Туда я и направился на следующий день после приема у Барта. Башня не изменилась, хоть ее и обступили коробки небоскребов. День выдался чудесный. Я сидел на скамье и думал, как выпутаться из этой истории, потому что утром проснулся именно с таким решением. Дело, которому я отдал столько сил, стало для меня чужим, ненужным и как бы фальшивым. То есть фальшивым оказался мой энтузиазм, мое отношение к нему. Словно вдруг очнувшись или поумнев, я увидел собственную незрелость, тот самый инфантилизм, который сопутствовал любым моим жизненным начинаниям. Из озорства в восемнадцать лет я решил стать десантником, и мне удалось увидеть нормандский плацдарм, но с носилок, потому что наш планер, подбитый в воздухе зениткой, сбросил нас, тридцать человек, далеко за целью, прямо к немецким блиндажам, и после той ночи я с треснувшим крестцом угодил в британский госпиталь. И с Марсом вышло нечто в том же роде. Если бы я там и побывал, это не стало бы моим всежизненным утешением; скорее, мне грозила бы судьба астронавта, ступившего на Луну вторым: он маялся мыслями о самоубийстве, оттого что его не устраивали предлагаемые ему посты в контрольных советах крупных фирм. Один из моих коллег стал заведовать сетью оптовой продажи пива во Флориде. Когда я беру в руки жестянку с пивом, непременно представляю его себе — в девственно–белом скафандре, входящим в подъемник; я и в аферу эту ринулся, чтобы не последовать его примеру.

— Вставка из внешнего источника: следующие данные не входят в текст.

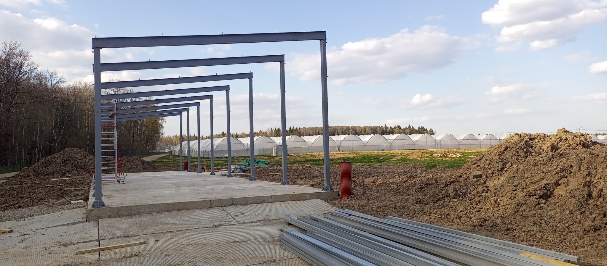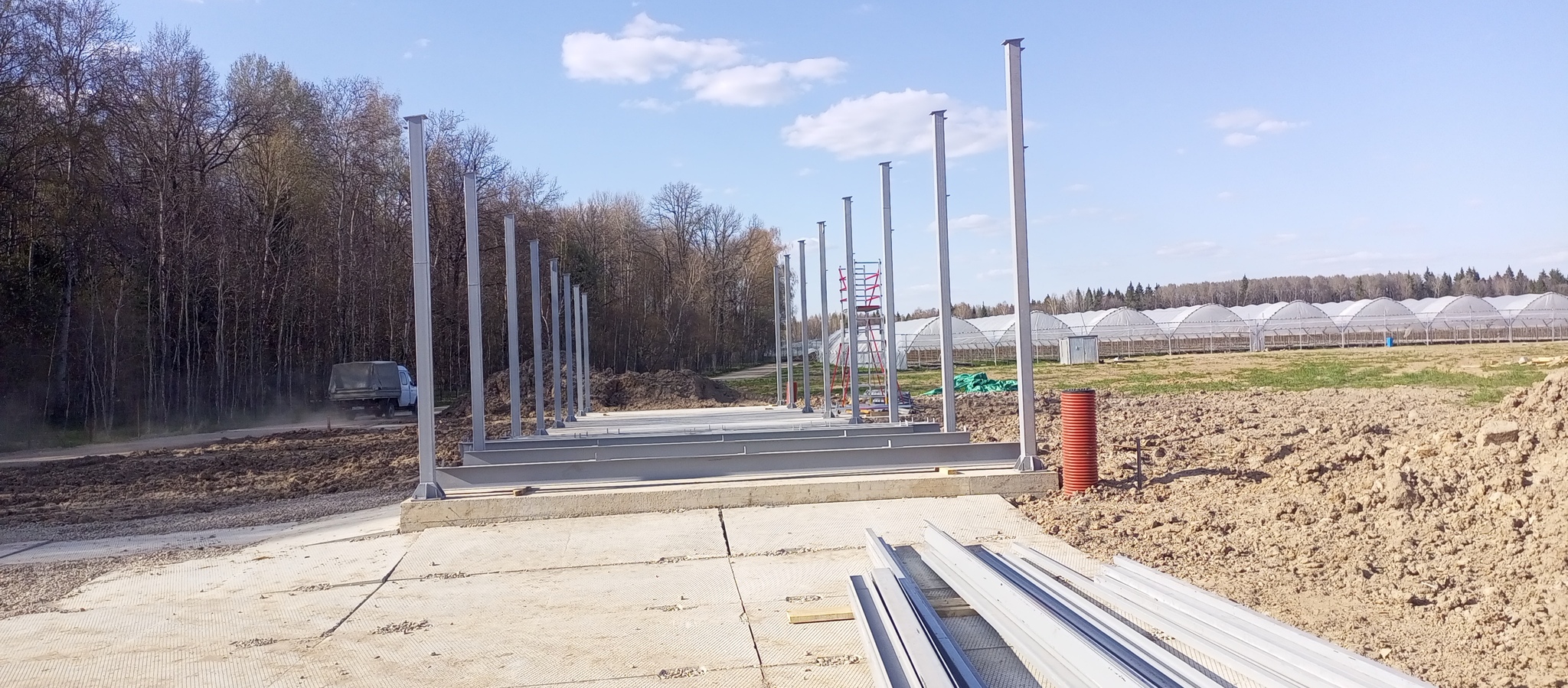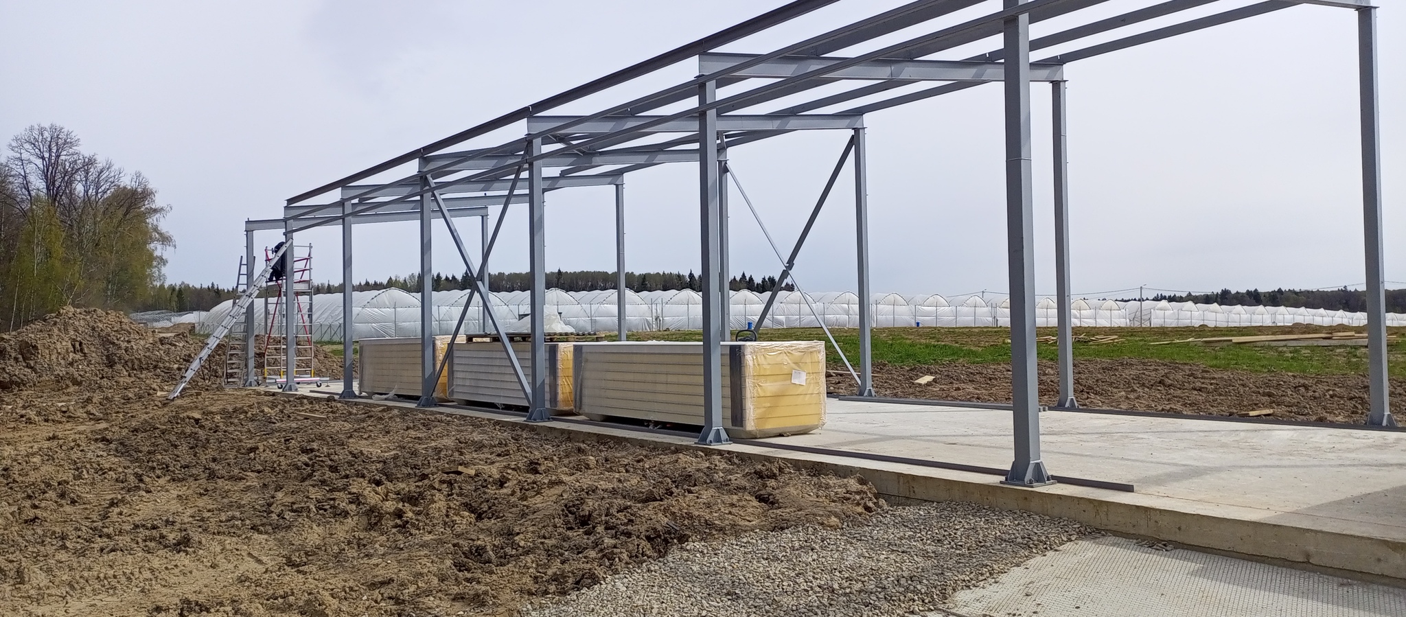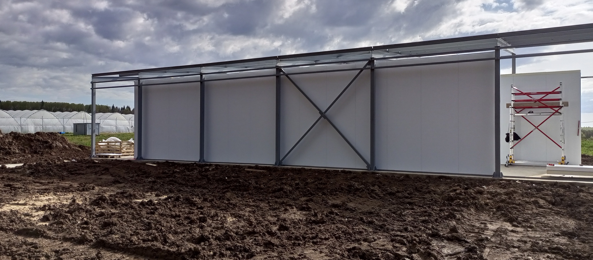 Подвезли пачки сендвич-панелей. 4 метровые на стены и 6 на потолок.

Поглядывая на Эйфелеву башню, я размышлял над всем этим. Фатальная профессия, соблазняющая перспективой, что за «маленьким шагом одного человека» последует «великий шаг человечества», как сказал Армстронг, высшая точка, апогей, символизирующий все человеческое бытие, с его алчным стремлением к недосягаемому. С той только разницей, что под понятие «лучшие годы жизни» здесь подпадают считанные часы. Олдрин знал, что следы его массивных башмаков на Луне переживут не только память о программе «Аполлон»[23], но, пожалуй, и само человечество, ибо только через полтора миллиарда лет сметет их пламя Солнца, перехлестнувшее через земную орбиту, — и вот вопрос: как может довольствоваться продажей пива человек, едва не приобщившийся к вечности? Осознать, что все уже позади, понять это так внезапно и с такой неумолимостью — это больше чем поражение, это насмешка над взлетом, который ему предшествовал. Я сидел, глядя на железный монумент, поставленный девятнадцатому веку степенным инженером, и все больше дивился собственной слепоте, тому, что столько лет не мог прозреть, и только стыд помешал мне тотчас вернуться в Гарж и тайком собрать свои вещи. Стыд и чувство долга.
После полудня в мою мансарду явился Барт. Похоже, он был не в своей тарелке. Принес новость. Инспектор Пиньо, связной между Сюрте и его группой, приглашал нас к себе. Речь шла о случае, следствие по которому вел в свое время один из его коллег, комиссар Леклерк. Пиньо считал, что мы должны ознакомиться с этим делом. Я, разумеется, согласился, и мы вместе отправились в Париж. Пиньо ждал нас. Я узнал его: седеющий молчальник, которого я видел мельком вчера вечером на приеме; он был гораздо старше, чем мне показалось накануне. Пиньо принял нас в небольшом кабинете сбоку здания; поднялся из–за стола, на котором стоял магнитофон. Без предисловий сообщил, что комиссар заходил позавчера — он уже на пенсии, но иногда навещает бывших коллег. В разговоре всплыло дело, которое Леклерк не согласился изложить мне лично, но по просьбе инспектора записал свой рассказ на магнитофон. Предложив расположиться поудобней, потому что история довольно длинная, Пиньо оставил нас, как бы не желая мешать, и это показалось мне странным.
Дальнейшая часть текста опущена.